In 2000 there were 51 apartments in the municipality. The most common apartment size was 4 rooms of which there were 17. There were 1 single room apartments and 15 apartments with five or more rooms. Of these apartments, a total of 42 apartments (82.4% of the total) were permanently occupied, while 5 apartments (9.8%) were seasonally occupied and 4 apartments (7.8%) were empty. As of 2009, the construction rate of new housing units was 0 new units per 1000 residents. The vacancy rate for the municipality, in 2010, was 3.64%.

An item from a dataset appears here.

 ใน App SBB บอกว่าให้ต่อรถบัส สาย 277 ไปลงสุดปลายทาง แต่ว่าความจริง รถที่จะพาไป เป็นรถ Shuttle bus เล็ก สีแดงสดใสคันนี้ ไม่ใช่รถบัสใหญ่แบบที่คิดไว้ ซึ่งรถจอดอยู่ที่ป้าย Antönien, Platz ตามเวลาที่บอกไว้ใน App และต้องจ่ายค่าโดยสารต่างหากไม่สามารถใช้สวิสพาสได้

The historical population is given in the following chart:

==Politics==
In the 2007 federal election the most popular party was the SVP which received 37.57% of the vote. The next three most popular parties were the SP (21.96%), the FDP (16.14%) and the Green Party (6.61%). In the federal election, a total of 42 votes were cast, and the voter turnout was 44.7%.

==Economy==
As of In 2010 2010, Peyres-Possens had an unemployment rate of 7.1%. As of 2008, there were 13 people employed in the primary economic sector and about 6 businesses involved in this sector. 20 people were employed in the secondary sector and there were 3 businesses in this sector. 2 people were employed in the tertiary sector, with 1 business in this sector. There were 54 residents of the municipality who were employed in some capacity, of which females made up 42.6% of the workforce.

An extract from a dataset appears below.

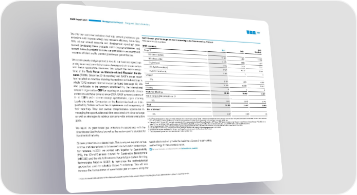 BASF Report 2021 Management’s Report – Energy and Climate Protection 127 We offer our customers solutions that help prevent greenhouse gas BASF Group’s greenhouse gas emissions according to the Greenhouse Gas Protocola Million metric tons CO equivalents emissions and improve energy and resource efficiency. More than 2 60% of our annual research and development spending1 goes 2018 BASF operations 2021 2020 (baseline) toward developing these products, optimizing our processes, and Scope 1b toward research projects to make our processes more energy and CO (carbon dioxide) 17.234 16.860 17.025 resource-efficient and to prevent greenhouse gas emissions. 2 N2O (nitrous oxide) 0.418 0.609 0.677 CH f We continuously analyze potential risks to our business operations 4 (methane) 0.034 0.023 0.027 arising in connection with the topics of energy and climate pr otection HFC (hydrofluorocarbons) 0.034 0.031f 0.091 and derive appropriate measures. We support the recommenda- SF6 (sulfur hexafluoride) 0.001 0 0 tions of the Task Force on Climate-related Financial Disclo- Scope 2c sures (TCFD). Since the 2019 reporting year, BASF’s annual report CO 2.464 3.279 4.067 has included an overview showing the sections and subsections in 2 f which TCFD-relevant information can be found (see page 19). We Total 20.185 20.802 21.887 also participate in the program established by the international Offsetting 0 0 0 nonprofit organization CDP for reporting on data relevant to climate f Total after offsetting 20.185 20.802 21.887 protection and have done so since 2004. BASF achieved a score of Sale of energy to third parties (Scope 1)d A– in CDP’s 2021 climate change questionnaire, again attaining f CO 0.947 0.845 0.773 Leadership status. Companies on the Leadership level are distin- 2 f guished by factors such as the completeness and transparency of Total 21.132 21.647 22.660 their reporting. They also pursue comprehensive approaches in Use of biomasse managing the opportunities and risks associated with climate change CO 0.091 0.024 n/a 2 as well as strategies to achieve company-wide emission reduction goals. a BASF reports separately on direct and indirect emissions from the purchase of energy. Scope 1 emissions encompass both direct emissions from production and generation of steam and electricity, as well as direct emissions from the generation of steam and electricity for sale. Scope 2 emissions comprise indirect emissions from the purchase of energy for BASF’s use. b Emissions of N O, CH and HFC have been translated into CO emissions using the Global Warming Potential, or GWP, factor. GWP factors are based on the Intergovernmental Panel on Climate Change (IPCC) 2007, errata 2 4 2 table 2012 for the 2018 and 2020 reporting years, and IPCC 2014 for the 2021 reporting year. HFC (hydrofluorocarbons) are calculated using the GWP factors of the individual components. c Market-based approach. Under the location-based approach, Scope 2 emissions were 3.362 million metric tons of CO in 2020 and 3.670 million metric tons of CO in 2021. We report on greenhouse gas emissions in accordance with the 2 2 d Includes sales to BASF Group companies; as a result, emissions reported under Scope 2 can be considered twice in some cases. Greenhouse Gas Protocol as well as the sector-specific standard for e Emissions are reported separately from Scope 1 and Scope 2 in accordance with the Greenhouse Gas Protocol. f The comparative figure for 2020 has been adjusted to reflect updated data. the chemical industry. Climate protection is a shared task. This is why we support various supply chain and will provide the basis for a Scope 3 target-setting national and international initiatives and are involved in partnerships. methodology for the chemical sector. For instance, in 2021 we worked with Together for Sustainability For more information on climate protection, see basf.com/climate_protection (TfS), the World Business Council for Sustainable Development (WBCSD) and the World Economic Forum’s Low-Carbon Emitting Technologies Initiative (LCET) to harmonize the methodological approaches used to calculate Scope 3 emissions. This will help increase the transparency of greenhouse gas emissions along the 1 Costs not relevant to the calculation of this share include research expenses in early innovation stages of the phase-gate process, patent costs and expenses for supporting services.

In 2008 the total number of full-time equivalent jobs was 28. The number of jobs in the primary sector was 7, all of which were in agriculture. The number of jobs in the secondary sector was 19 of which 16 or (84.2%) were in manufacturing and 3 (15.8%) were in construction. The number of jobs in the tertiary sector was 2. In the tertiary sector; 2 or 100.0% were in a hotel or restaurant, .

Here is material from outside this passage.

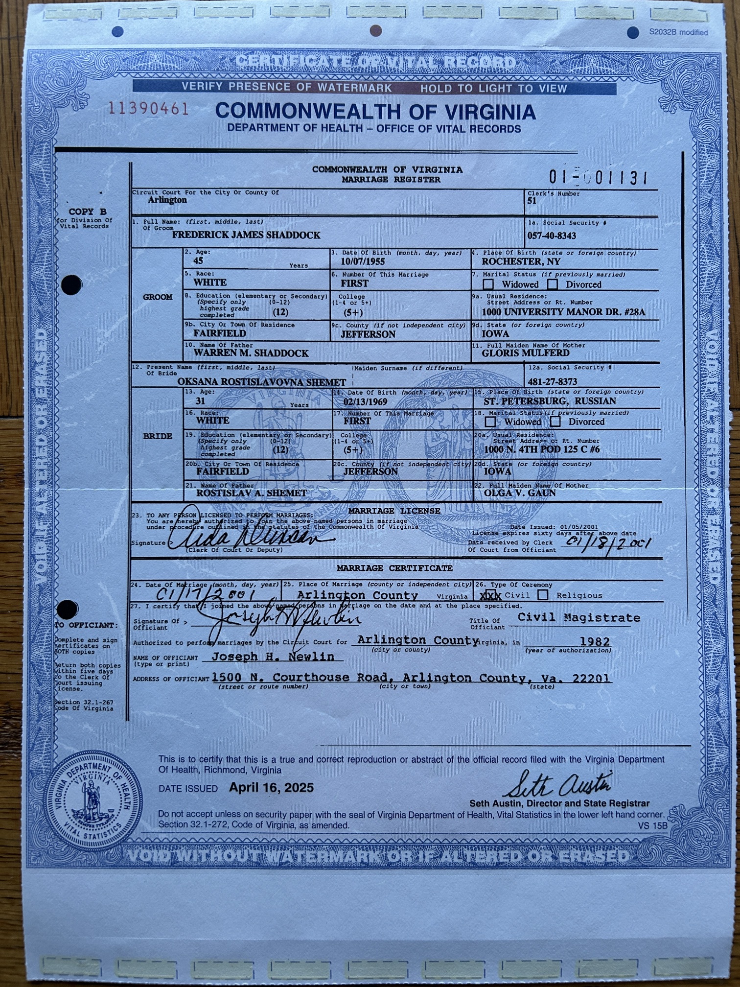 Justice Joseph H. Newlin performs the ceremony, and tries to pronounce Oksana Rastislavovna Shemet

In 2000, there were 46 workers who commuted into the municipality and 37 workers who commuted away. The municipality is a net importer of workers, with about 1.2 workers entering the municipality for every one leaving. Of the working population, 7.4% used public transportation to get to work, and 64.8% used a private car.

==Religion==
From the 2000 census, 31 or 21.7% were Roman Catholic, while 75 or 52.4% belonged to the Swiss Reformed Church. Of the rest of the population, there were 26 individuals (or about 18.18% of the population) who belonged to another Christian church. There were 7 (or about 4.90% of the population) who were Islamic. 13 (or about 9.09% of the population) belonged to no church, are agnostic or atheist, and 4 individuals (or about 2.80% of the population) did not answer the question.

==Education==

In Peyres-Possens about 40 or (28.0%) of the population have completed non-mandatory upper secondary education, and 20 or (14.0%) have completed additional higher education (either university or a Fachhochschule). Of the 20 who completed tertiary schooling, 55.0% were Swiss men, 35.0% were Swiss women.

In the 2009/2010 school year there were a total of 39 students in the Peyres-Possens school district. In the Vaud cantonal school system, two years of non-obligatory pre-school are provided by the political districts. During the school year, the political district provided pre-school care for a total of 296 children of which 96 children (32.4%) received subsidized pre-school care. The canton's primary school program requires students to attend for four years. There were 20 students in the municipal primary school program. The obligatory lower secondary school program lasts for six years and there were 19 students in those schools.

As of 2000, there were 20 students from Peyres-Possens who attended schools outside the municipality.